(Information provided):

=== Begin Enclosure ===

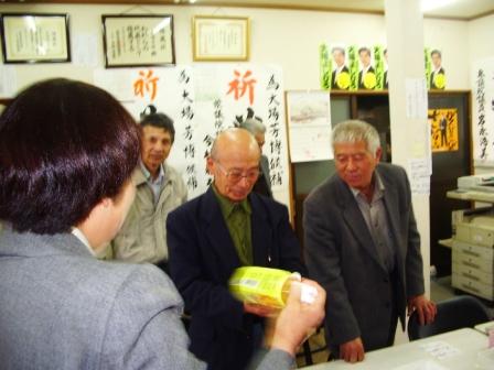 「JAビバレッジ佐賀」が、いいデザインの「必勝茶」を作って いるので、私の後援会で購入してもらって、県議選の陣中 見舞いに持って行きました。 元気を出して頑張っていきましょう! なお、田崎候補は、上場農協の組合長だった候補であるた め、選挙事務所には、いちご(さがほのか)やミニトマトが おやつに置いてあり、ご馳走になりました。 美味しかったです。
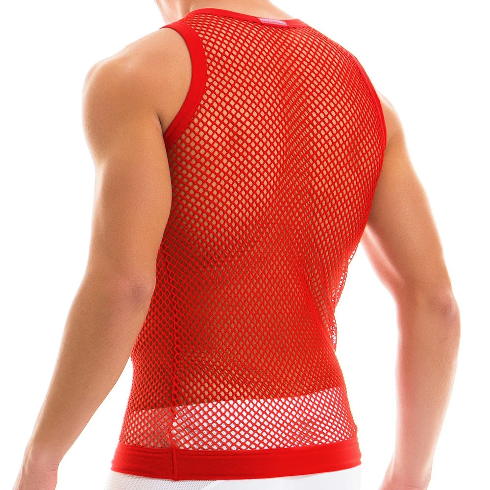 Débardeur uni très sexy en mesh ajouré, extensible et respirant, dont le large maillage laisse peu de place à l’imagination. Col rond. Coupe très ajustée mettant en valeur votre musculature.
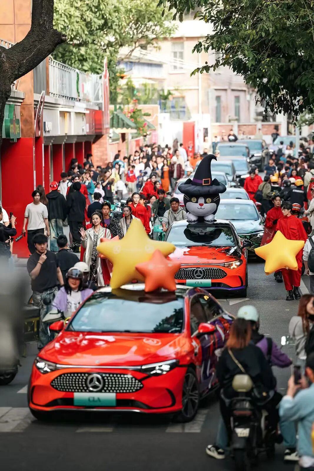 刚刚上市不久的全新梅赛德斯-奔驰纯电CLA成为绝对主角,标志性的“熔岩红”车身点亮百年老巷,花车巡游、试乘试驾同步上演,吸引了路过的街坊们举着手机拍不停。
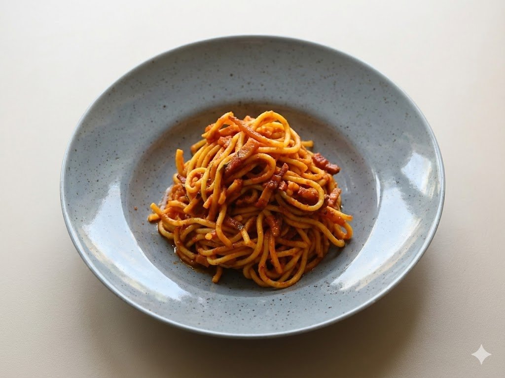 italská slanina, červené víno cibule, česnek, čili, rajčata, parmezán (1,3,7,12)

=== End Enclosure ===

(Work instructions):
Reproduce the material above exactly, first line through the line that contains "Débardeur uni très", minus the pictures.

(Response to this task):
 「JAビバレッジ佐賀」が、いいデザインの「必勝茶」を作って いるので、私の後援会で購入してもらって、県議選の陣中 見舞いに持って行きました。 元気を出して頑張っていきましょう! なお、田崎候補は、上場農協の組合長だった候補であるた め、選挙事務所には、いちご(さがほのか)やミニトマトが おやつに置いてあり、ご馳走になりました。 美味しかったです。
 Débardeur uni très sexy en mesh ajouré, extensible et respirant, dont le large maillage laisse peu de place à l’imagination. Col rond. Coupe très ajustée mettant en valeur votre musculature.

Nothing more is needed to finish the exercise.